Priority	Mechanism	Example
1 (lowest)	`CompilerOptions` class defaults	—
2	`@ttl.operation` decorator `options=` parameter	`@ttl.operation(grid=(2,2), options="--no-ttl-maximize-dst")`
3	`TTLANG_COMPILER_OPTIONS` environment variable	`export TTLANG_COMPILER_OPTIONS="--no-ttl-fpu-binary-ops"`
4 (highest)	Command-line arguments (`sys.argv`)	`python my_kernel.py --no-ttl-maximize-dst`

The options keyword can also be passed at call time to override the decorator for a single invocation:

my_kernel(tensor_a, tensor_b, options="--no-ttl-fpu-binary-ops")

Compute Configuration

These two parameters are set on the @ttl.operation decorator (not via command-line flags) and control the TTNN compute kernel hardware configuration:

Parameter	Type	Default	Description
`fp32_dest_acc_en`	`bool` or `None`	`None`	Enable f32 accumulation in the DST register file.
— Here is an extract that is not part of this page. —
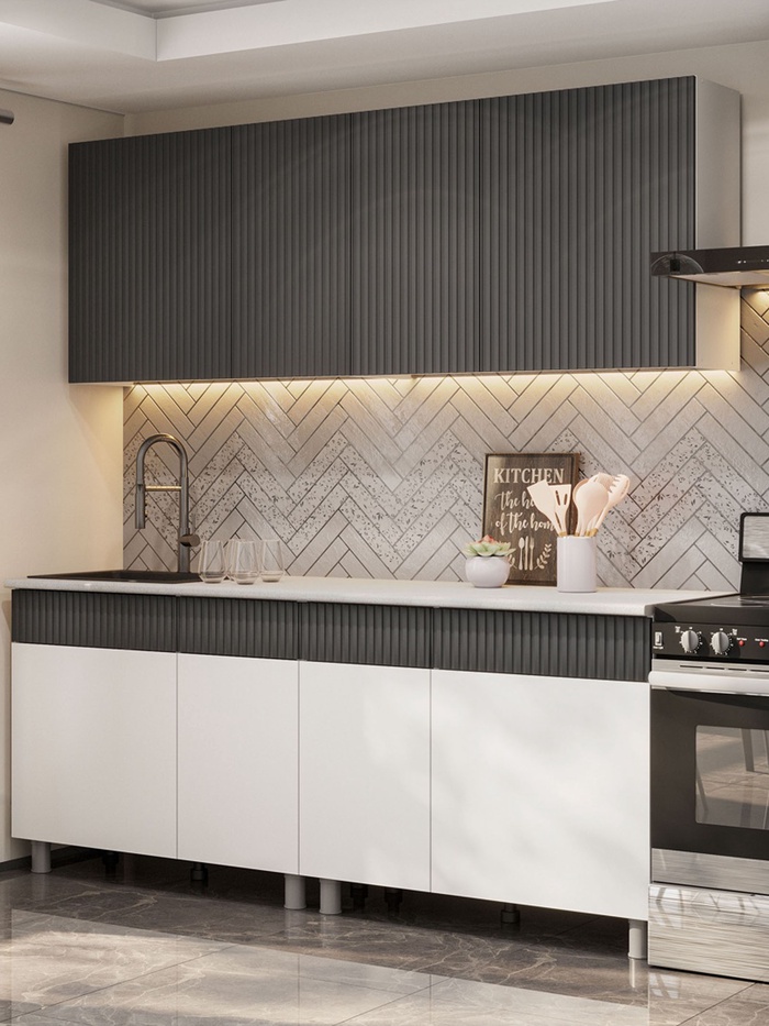 Кухонный гарнитур 2000 София, Графит МДФ/Белый МДФ/Столешница Антарес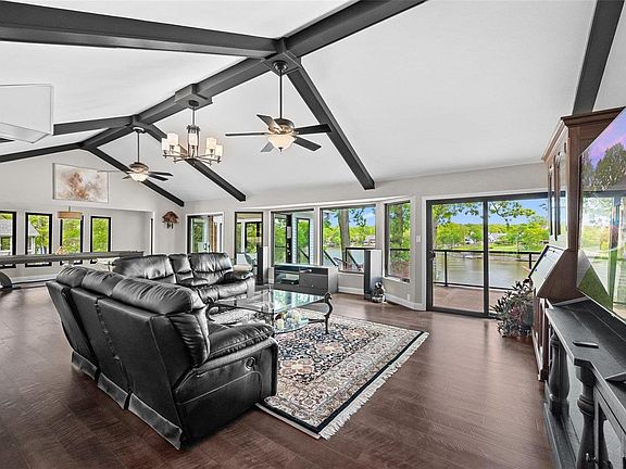 Enjoy spectacular, panoramic, waterfront views from this 5 BD, 3 BA, open ranch in Lake St. Louis. Featuring a gourmet Kitchen, huge Great Rm with vltd clngs and beams, a Sunroom overlooking the lake, main flr Office, finished W/O lower level, composite deck, stamped patio w/outdoor Kitchen, newer dock and lift (2 yrs old) and more. With over 3,700 s/f of finished living space, this lakefront beauty will not disappoint! Features inc custom cabinets, granite c-tops, subway tile b-splash, SS appl, drawer micro, dbl wall oven, 2 dishwashers, gas c-top, bev center, 2 bev refrig, frml DR, projector and 110 inch drop down screen, wrought iron stair spindles, Mstr retreat w/sliding door to the deck, lux Mstr Bath, jetted tub, custom tile shower and W/I closets. The finished LL has a Flex Rm, 3 BD, shared bathroom, Fam Rm and large Flex/Rec Rm. There is approx 3736 s/f of finished living space in this amazing home. You must see this home to appreciate all it has to offer. Vacation every day! Additional Rooms: Sun Room

When `None`, auto-detected from input tensor dtypes (enabled when any input is f32).
`dst_full_sync_en`	`bool` or `None`	`None`	Enable full DST synchronization (single-buffering mode). Doubles DST capacity (f32: 8, f16/bf16: 16) at the cost of a full sync between math and pack threads.

@ttl.operation(grid=(2, 2), fp32_dest_acc_en=True, dst_full_sync_en=False)
def my_kernel(a, b): ...

Environment Variables

These environment variables control compilation behavior and diagnostic output. They are independent of the code generation flags above.
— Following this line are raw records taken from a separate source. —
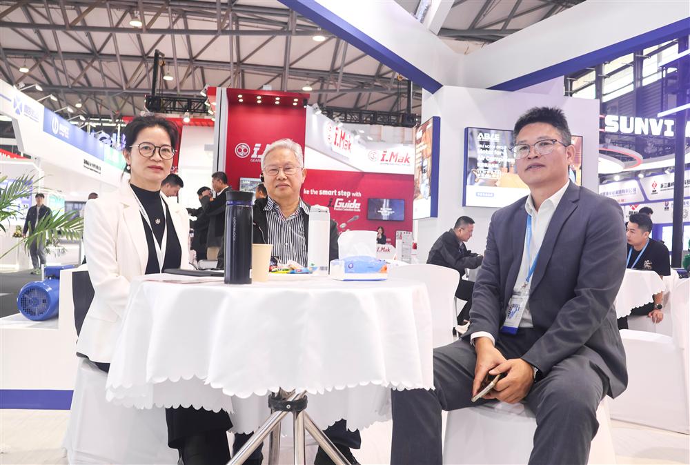 安波电机集团展台 秘书长陶敏强、副秘书长马惠芳与安波电机总经理韩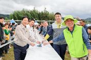 [경남도민뉴스=최민숙 기자] 성주군 수륜면 수성리 어울림마당(수성리 104)에서 10. 18.부터 19.까지 이틀간 열린 성주군 가을 대표축제 '2025 성주가야산 황금들녘 메뚜기축제'가 전국 각지의 관광객이 모이며 성황리에 종료됐다. 축제장 진입로에 늘어선 허수아비와 바람개비 행렬은 방문객들을 따스하게 맞이하고 축제장 입구에 펼쳐진 황금빛 들녘은 가을의 풍요로움을 아낌없이 선사한 축제였다. 축제 대표 프로그램인 친환경 농촌체험(메뚜기잡이, 고구마 캐기, 메기잡이, 사과낚시)과 온 가족이 함께하는 가을 운동회, 다양한 체험 부스와 공연은 방문객들에게 풍성한 즐길거리·볼거리를 제공했고, 축산물 무료시식 및 다양한 먹거리들로 방문객들의 입맛까지 사로잡았다는 평이다. 전년에 이어 올해도 무대와 개막식 행사를 없애는 대신 축제장을 방문한 관광객들과 함께 청정 수륜쌀로 만든 가래떡을 길게 뽑으며 모두의 행복과 안녕을 기원하는 ‘한마음 가래떡 뽑기’ 퍼포먼스를 펼쳐 축제장을 찾은 방문객들에게 색다른 재미를 선사했다. 올해는 그동안의 성과에 만족하지 않고 신규 프로그램과 체험을 개발하여 축제를 내실화했다는 점에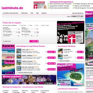 Sie reisen gerne kurzfristig und spontan? Dann sollten Sie Ihren zukünftigen Urlaub nur noch bei lastminute.de buchen, denn hier zahlen Sie niemals zu viel Geld für Ihre Reise. Besuchen Sie das Onlineportal, um sich selbst von dem riesigen Angebot zu überzeugen und vergleichen Sie die unterschiedlichen Deals, denn hier genießen Sie viele Vorteile. Reisen Sie in das Gebiet Ihrer Träume und finden Sie genau das, was Ihren Wünschen entspricht. Sehen Sie sich bei den Topangeboten um, damit Sie noch schneller fündig werden. Die Seitengestaltung ist besonders übersichtlich gehalten, so dass Sie prompt zu einem Ergebnis kommen. Fühlen Sie sich wie zu Hause und navigieren Sie kinderleicht auf dem Onlineportal von lastminute.de und machen Sie am besten gleich eine Probe aufs Exempel.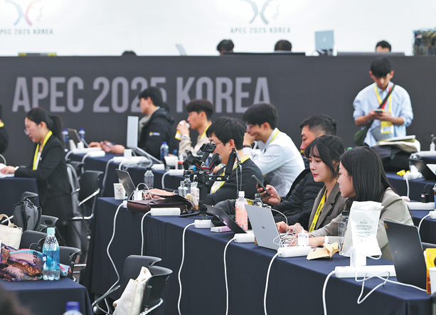 Journalists work at the international media center set up for the 32nd APEC Economic Leaders' Meeting in Gyeongju, the Republic of Korea, on Tuesday. The meeting will run from Friday through Saturday.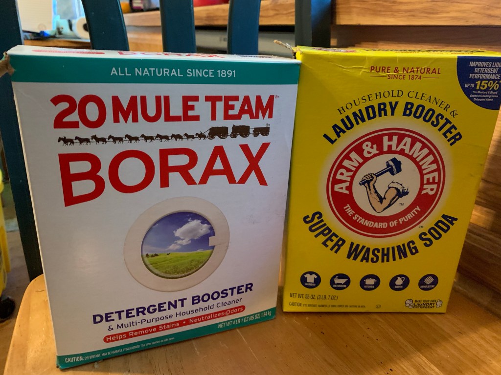 I just made my first pass at making laundry detergent. I hunted “recipes” on line for quite a while and found one that I ended up kind of liking (okay, several because they are all pretty much alike).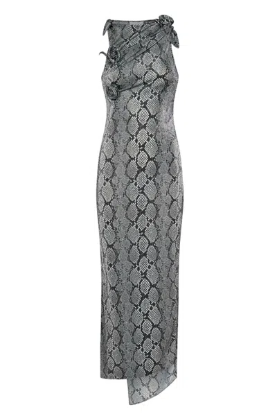 Snakeskin Print Lamé Dress With Floral Appliqué In Grey

Variable	Type	Default	Description
`TTLANG_COMPILE_ONLY`	`0`/`1`	`0`	Compile kernels but do not execute on hardware.
`TTLANG_INITIAL_MLIR`	file path	(unset)	Write the pre-optimization MLIR module to this file.
`TTLANG_FINAL_MLIR`	file path	(unset)	Write the post-optimization MLIR module to this file.
`TTLANG_VERBOSE_PASSES`	any value	(unset)	Print the IR after every pass in the pipeline. Output is very large; redirect to a file.
`TTLANG_DEBUG_LOCATIONS`	`0`/`1`	`0`	Include source locations in printed MLIR (locations are always tracked internally for error messages).
`TTLANG_VERBOSE_ERRORS`	`0`/`1`	`0`	Include raw MLIR diagnostics in error output.
`TTLANG_SIM_ONLY`	`0`/`1`	`0`	Force `import ttl` to skip loading the compiled MLIR extension. Used when running the simulator from a source tree without an installed `tt-lang-sim` wheel (which ships the same signal as a marker module).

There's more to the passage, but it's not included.